Wildflower Meadow, a green soy candle, reminded me of my perfect day. I was seven years old, and had befriended a fellow camper in the Dorst Campground where my family was camping. His name was Patrick, and he was from Pennsylvania. A very kind soul, he balanced my feminine by being masculine in the healthiest way I have ever experienced in my life. He took an interest in me, a genuine one. A little older, but not much, he guided me to experience the meadow that was right next to the campground. We saw skunk cabbage, walked on fallen logs, and laughed in the sunshine.
Between one log and the next, if it was a tough climb for me, he offered a hand, never making me feel weak in any way.
He also showed me the most wonderful surprise I had in my life, even until now. He asked if I wanted to see something special. He took me by the hand to a patch of snow by the meadow. It was June, and in the shade there was still a little left. For me, a California native, snow in itself is very rare and special! But in the snowdrift, were the strangest little red 'flowers' pushing up. Patrick said they were snow flowers. The snow, and the flowers, together had such a beautiful scent! It was more wonder than I could ever imagine, coupled with such kindness and willingness to share with a friend.

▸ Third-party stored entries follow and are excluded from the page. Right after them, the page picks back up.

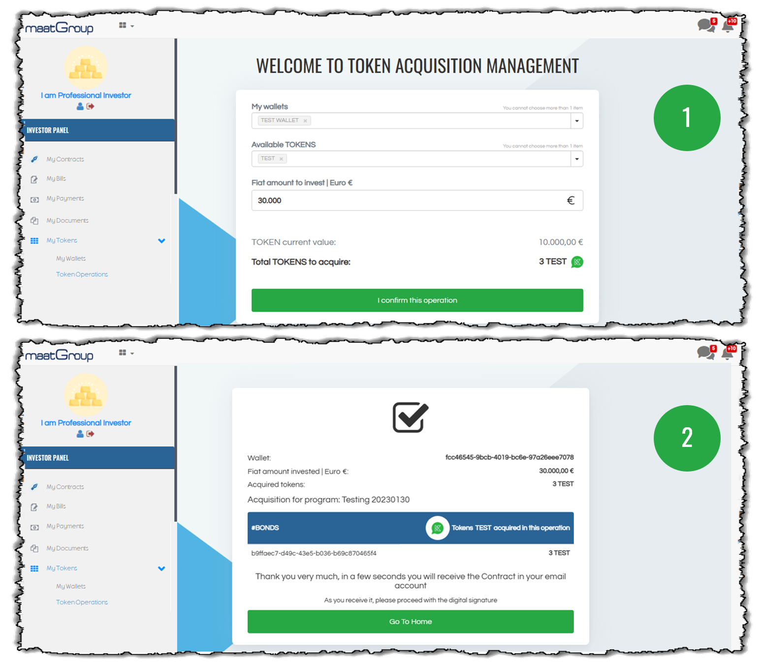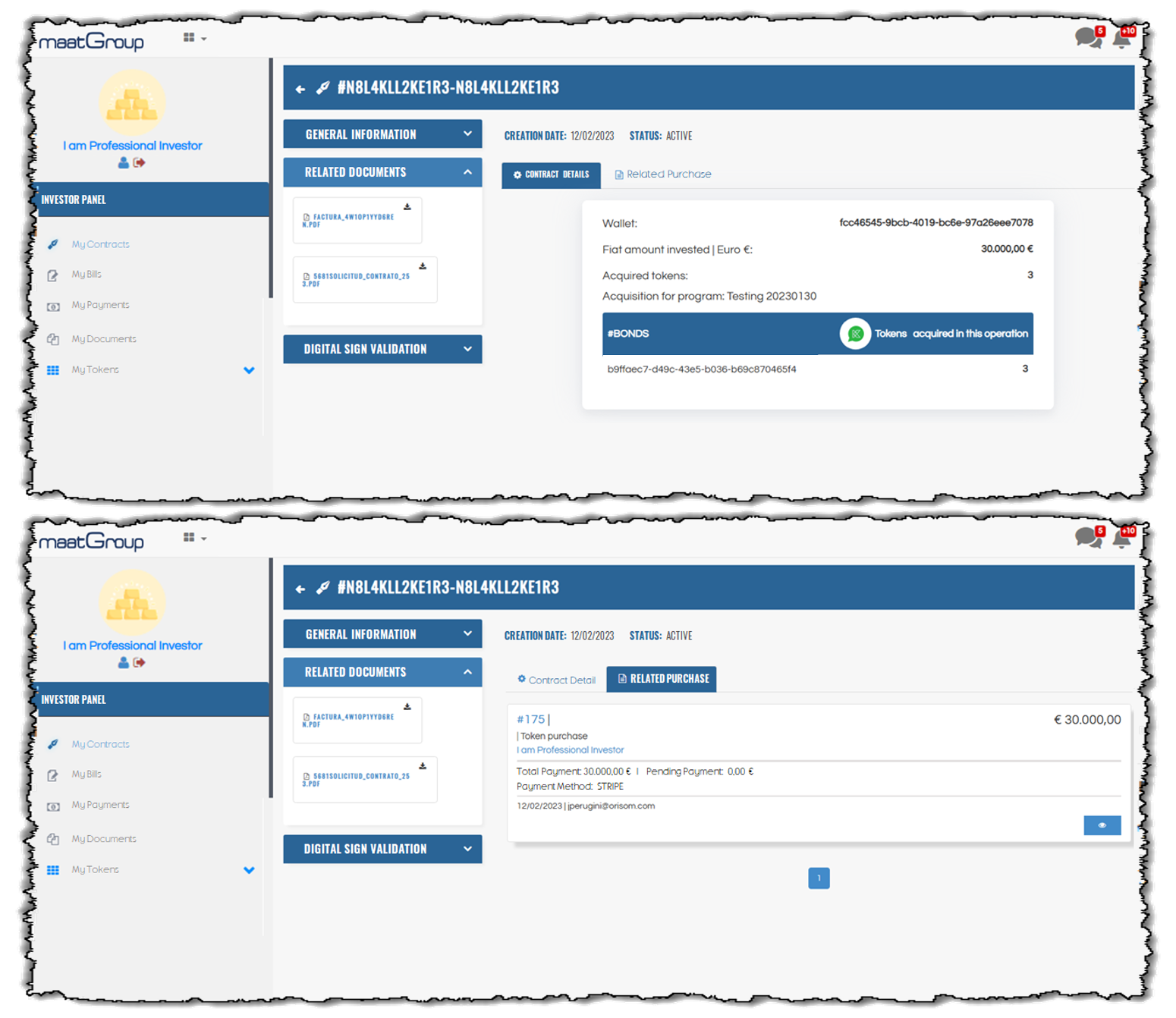 The Investment process is not only secured by the underlying infrastructure, but also, adds a digital signature and a controlled payment procedure that will allow the Investors to manage their operations with full guarantee
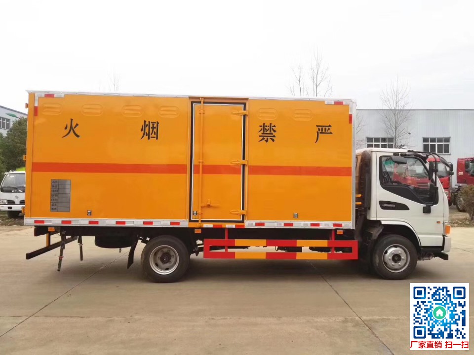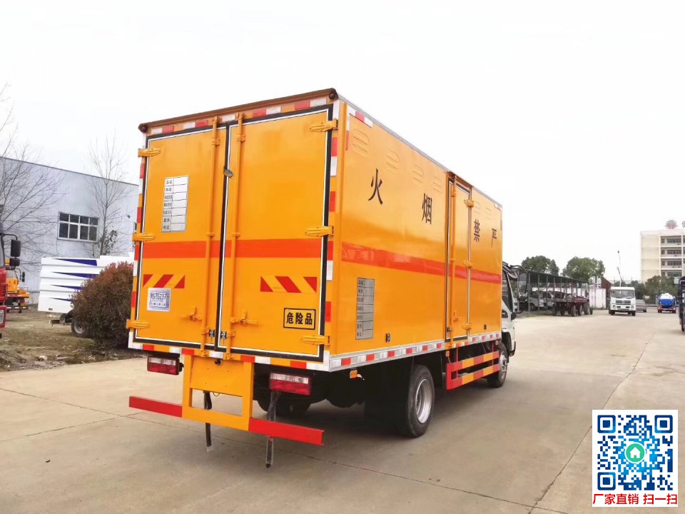 上装配置:1、外板采用1mm厚冷轧板有一次性成型的百叶窗2、内饰为导电性能良好的铝板有透气孔3、内衬为矩形管骨架牢靠稳定4、内部填充为透气防潮阻燃的挤塑板5、四种材料经现代工艺复合而成6、厢体外部上下铝合金型材包边7、底板和车厢前下部铺橡胶皮8、后门双开,选装侧开门9、内部有固定货物的卧环10、车辆外部有静电带、灭火器、防火罩11、车厢内安装烟雾报警器和门防盗报警器12、严格按照国家危险品相关法规张贴危险品标识和反光标志等
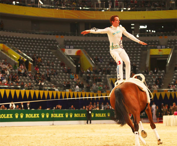 我希望中國的騎手都有美好的未來,真心祝福FEI 世界杯中國聯(lián)賽越辦越好!感謝你們給我此次在中國展示馬背體操這項運動的機會!我期待著日后可以和中國的馬背體操選手同場競技!——帕特里克·盧瑟(Patric Looser) 在2011 年國際馬聯(lián)場地障礙世界杯中國聯(lián)賽第三站的賽場上,到場嘉賓還享受了另外一種人與馬的完美組合——馬背體操。來自德國的世界冠軍帕特里克·盧瑟(Patric Looser)用精彩的演出為我們演繹了一場令人驚嘆的馬背體操。這是盧瑟第一次來到中國,能夠在這里進行表演,他很開心:“中國在體操上很有實力,我相信中國在馬背體操這個項目上也會潛力無限?!?/div> 馬背體操,顧名思義就是在馬背上進行體操動作。實際上馬背體操也曾經是奧運會的正式比賽項目,因為種種原因退出奧運大家庭。但該項目在歐美一些馬術運動開展廣泛的國家和地區(qū)有大量的群眾基礎。事實上,中國和馬背體操也很有淵源。從考古發(fā)現(xiàn)的資料顯示,中國早在漢代的時候就已經有專門的馬上技巧表演,并且在當時成為上層社會的重要觀賞項目,這些都能從漢代出土的文物壁畫中得到佐證。 |

We were together three days. And when Patrick drove away with his family, I cried. I knew I would never meet anyone like him again.
When times are tough, I re-live that day in the meadow. And I bring back all of the Lovingkindness from Patrick, who was my angel, if only for a short time.
My family was stressful. There was conflict upon conflict my entire childhood. Money was tight. Mother had a hair-trigger temper. Father was controlling; emotion was not allowed. I was lectured for hours on end about 'my being selfish'. They tried to tell me that my allergies 'were psychosomatic'. I had asthma that was not diagnosed--my lungs would whistle on a smoggy day while I played. I never told anybody, or understood what it was. I just stopped until it finished and I could get enough air to play again.
The Wildflower Meadow candle is my way of saying 'good bye' to all that. Both the happiness, the 'oasis' of Lovingkindness in the desert of my young life, and the emotional scars are behind me. Patrick has gone on to live his life. And I have made the best of what I have with mine also. My childhood, is a 'take the best and leave the rest' when that candle burns out by the end of this day. The fragrance has been lovely. And I know this is baggage I want to leave behind when I Ascend into the Golden Age.